I went with commercial peanut butter. They have it down to a science and you can feel comfortable it is safe. 
With any stored food, keep it as cool as possible. Even if it means putting it under the house.


----------



## Paquebot (May 10, 2002)

The old instructions used to be to pack tightly to within 1 inch of the top and BWB for 60 minutes. However, that advice was pulled about 30 years ago. 

Martin


----------



## praieri winds (Apr 16, 2010)

any nut butter is going to get rancid over time because of the oils if you can be better to buy dry roasted nuts and make your own as needed peanut butter dosen't last in an open jar around here to go bad so don't know ow long it will keep


----------



## Guest (Dec 14, 2010)

Paquebot said:


> The old instructions used to be to pack tightly to within 1 inch of the top and BWB for 60 minutes. However, that advice was pulled about 30 years ago.
> 
> Martin


 Just what the instructions say. Pack it tight then get the entire thing uniformly hot. Better still would be to vacuum seal the jar after you've taken it out of the BWB, but you can get by without it as the natural vacuum produced by the cooling food within will get the job done.

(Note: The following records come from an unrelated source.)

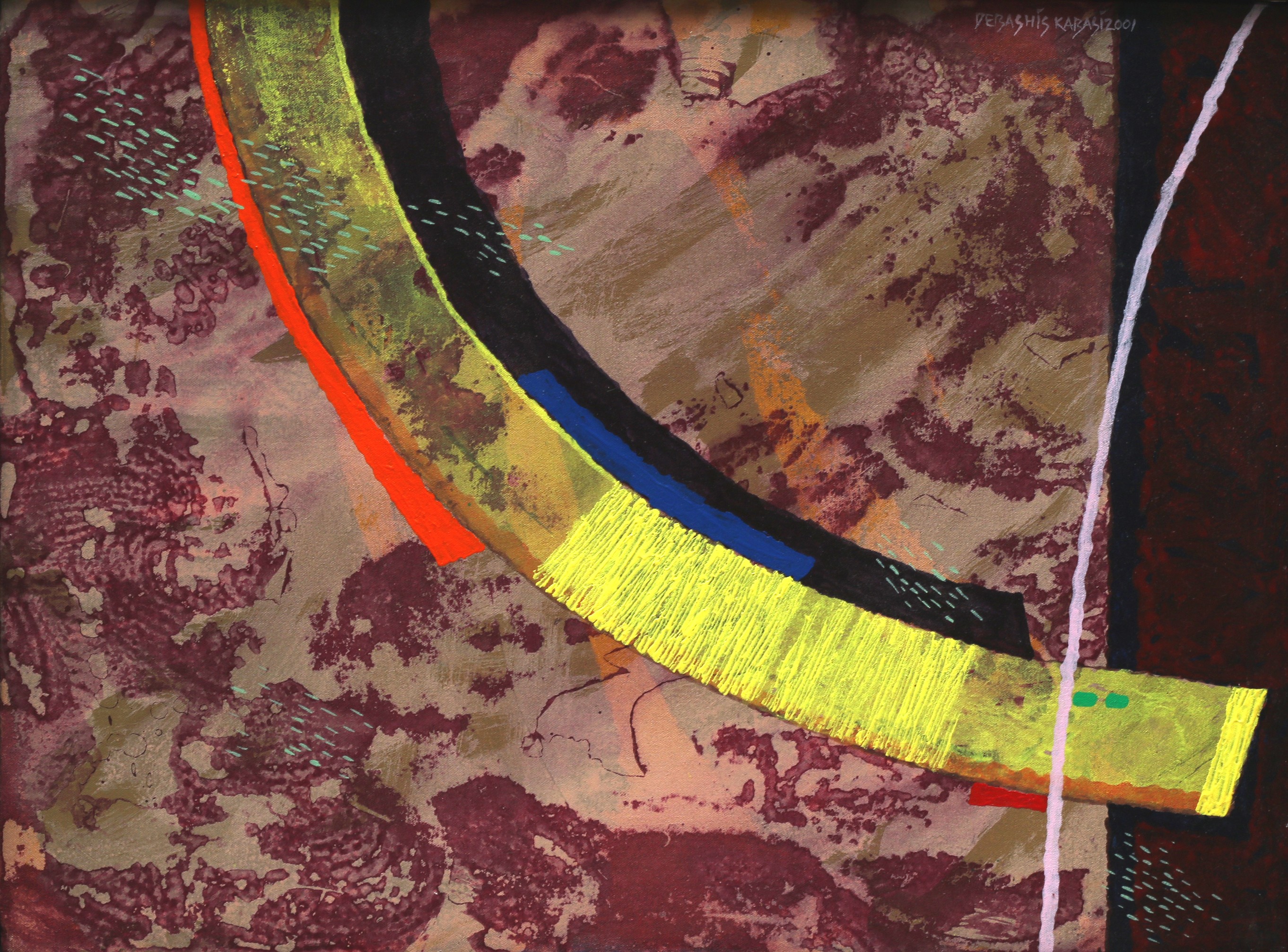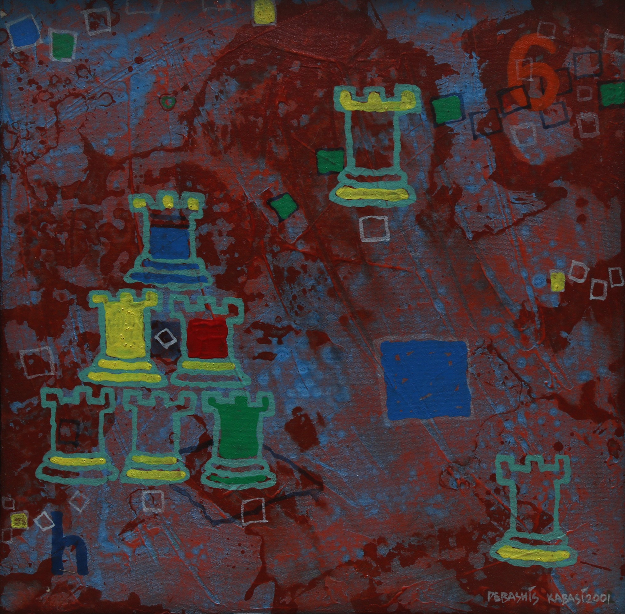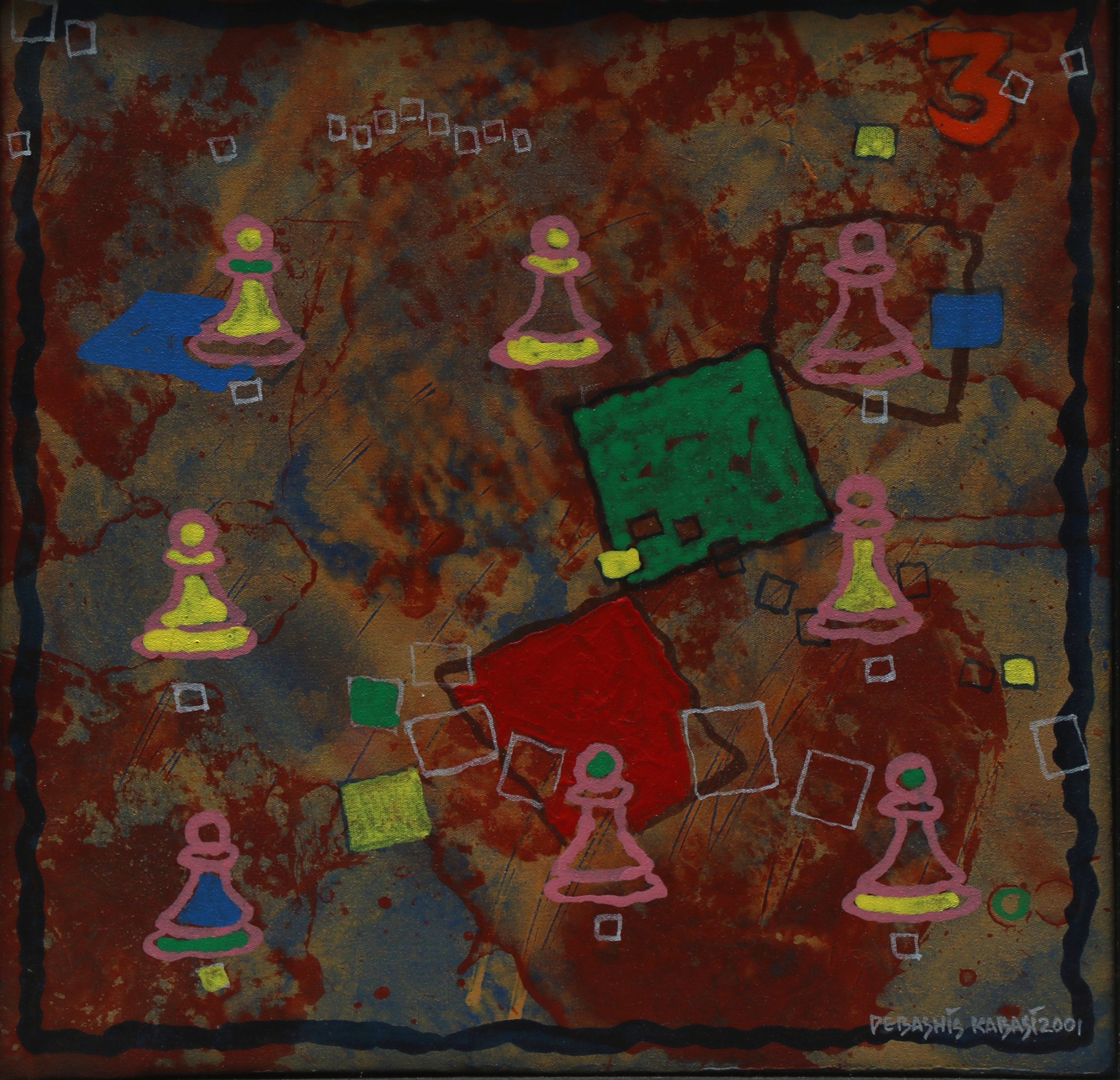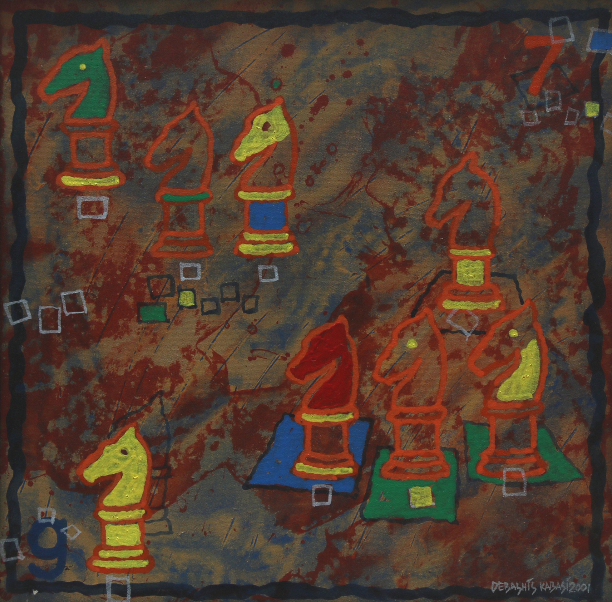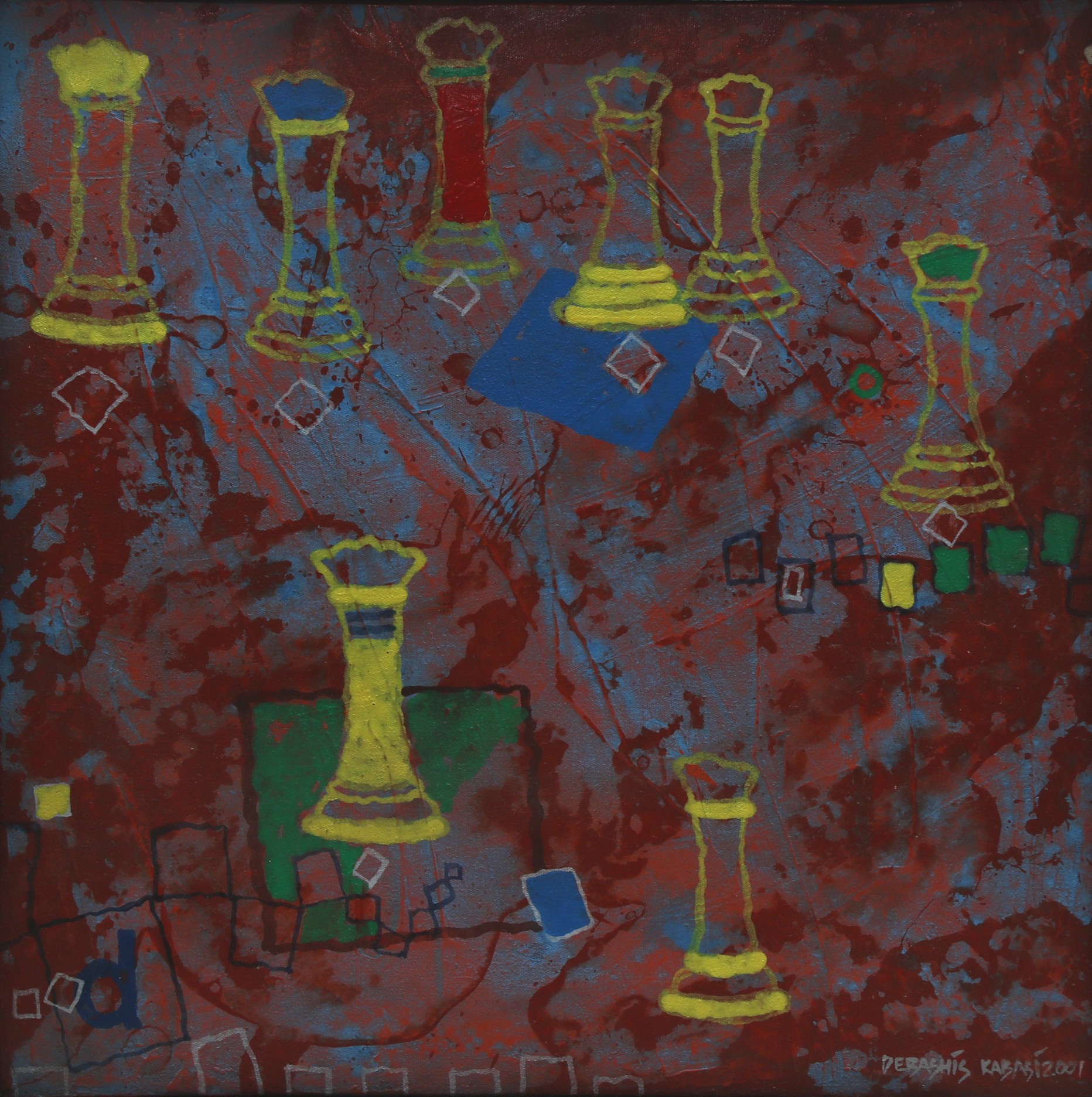 Kabasi uses similar colours to his twin brother Ashis Kabasi but his work is unique with vibrating outlines and dynamic gestures. He focuses on his generation's issues, like split personalities and keeping up with change. He explores textures and abstract art inspired by nature and continues to seek new painting techniques and surface treatments.
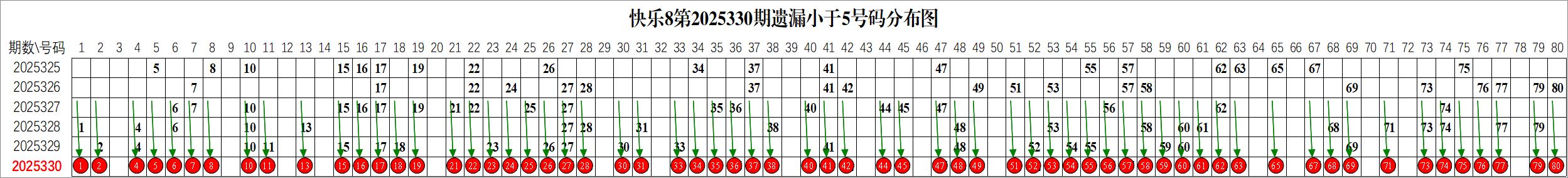 所以这个条件值得关注,从号码分布图上我们可以分析出,遗漏小于5期的号码有: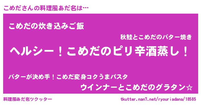 | 男性向けラノベタイトル風あだ名 | 『Re:こめだから始める異世界生活』 |
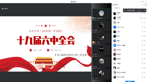 2022年3月22日晚19:30,jinnianhui今年会学生第三党支部于腾讯会议平台召开党员党课学习,本次学习的主题是:学习贯彻党的十九届六中全会精神。领学人:闫妍同志。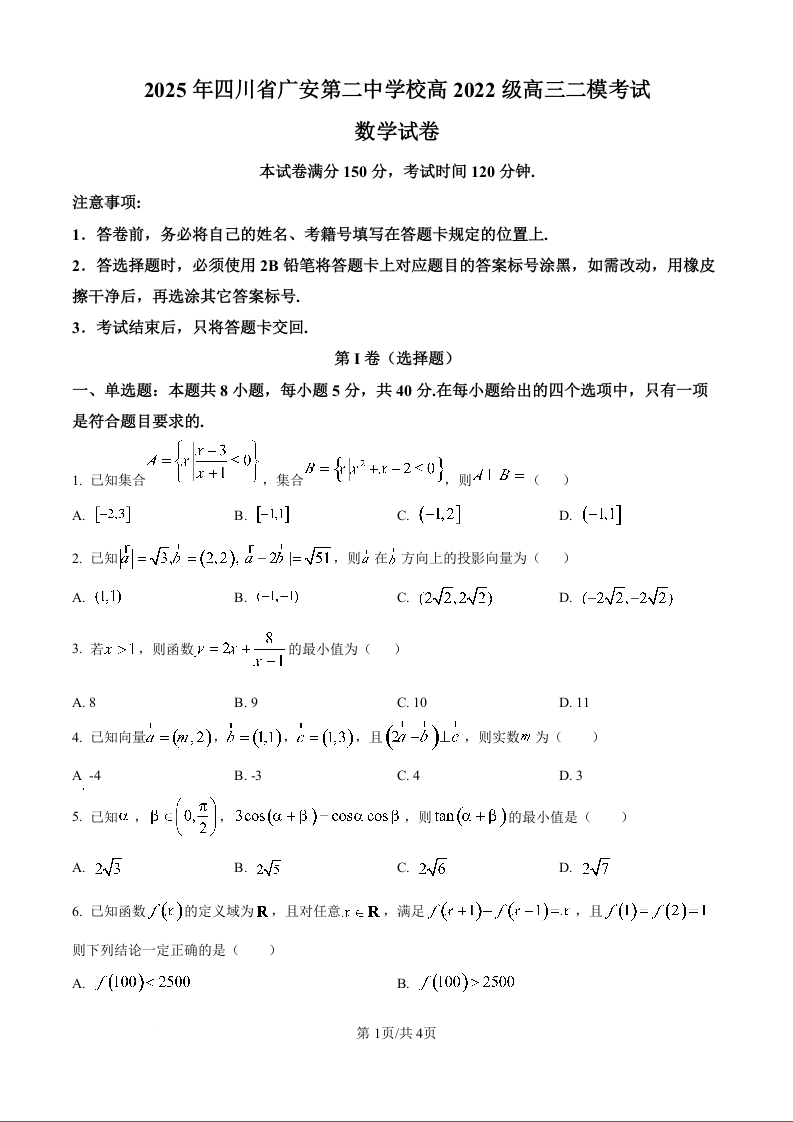 四川省广安第二中学校2025届高三下学期二模试题数学(原卷版)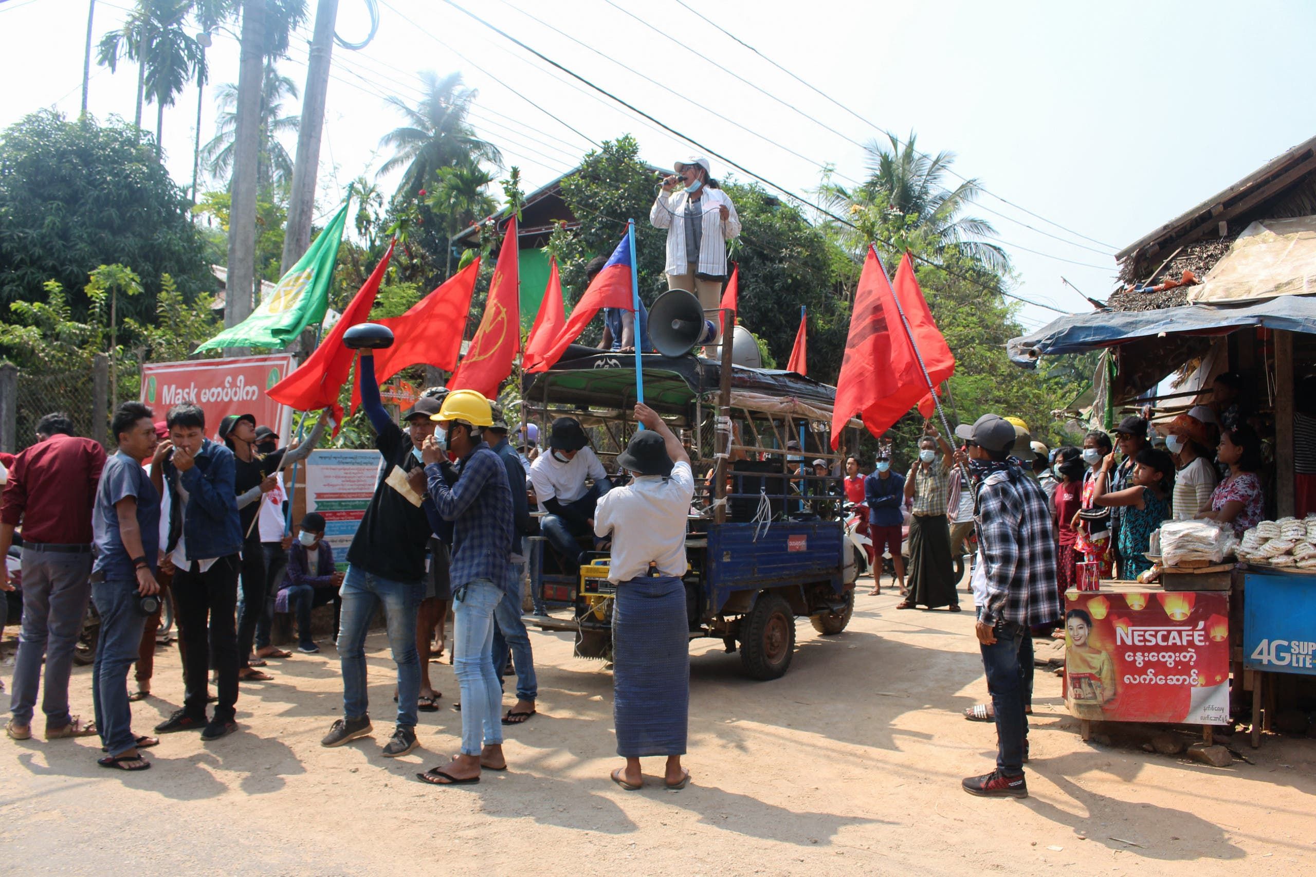 يأتي هذا بينما واصل المتظاهرون في ميانمار احتجاجاتهم على الحكم العسكري أمس الأحد على الرغم من ارتفاع حصيلة القتلى على يد قوات الأمن، بينما بدا المجلس العسكري الحاكم عازما بذات الدرجة على مقاومة الضغوط الخارجية وعدم تقديم أي تنازلات.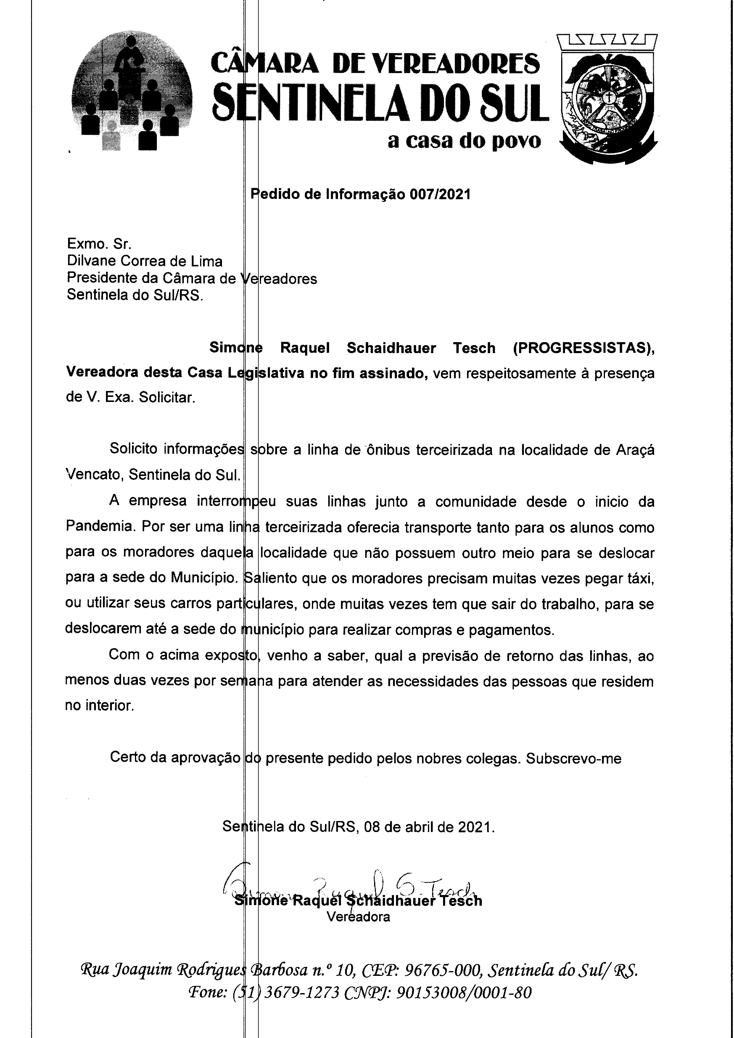 Pedido de Informação da Vereadora Simone Raquel Schaidhauer Tesch

If the nuts were properly roasted to begin with there is no appreciable water content so what you need to be concerned with it killing mold spores and getting as much of the air out of the jar as possible.

I buy Smuckers natural peanut butter precisely because it still comes in glass jars.


----------



## Ciffer (Sep 13, 2010)

How do you vacuum seal a canning jar?

What could I expect for shelf life on home canned nut butters?


----------



## Guest (Dec 16, 2010)

Canning jar adapter for most any consumer vacuum sealer model.


----------



## praieri winds (Apr 16, 2010)

they sell an attachment for the foodsaver vacuum sealer I have uses a tube and a cap on the jar flip the switch and the air is sucked out


----------



## Ciffer (Sep 13, 2010)

what about shelf life


----------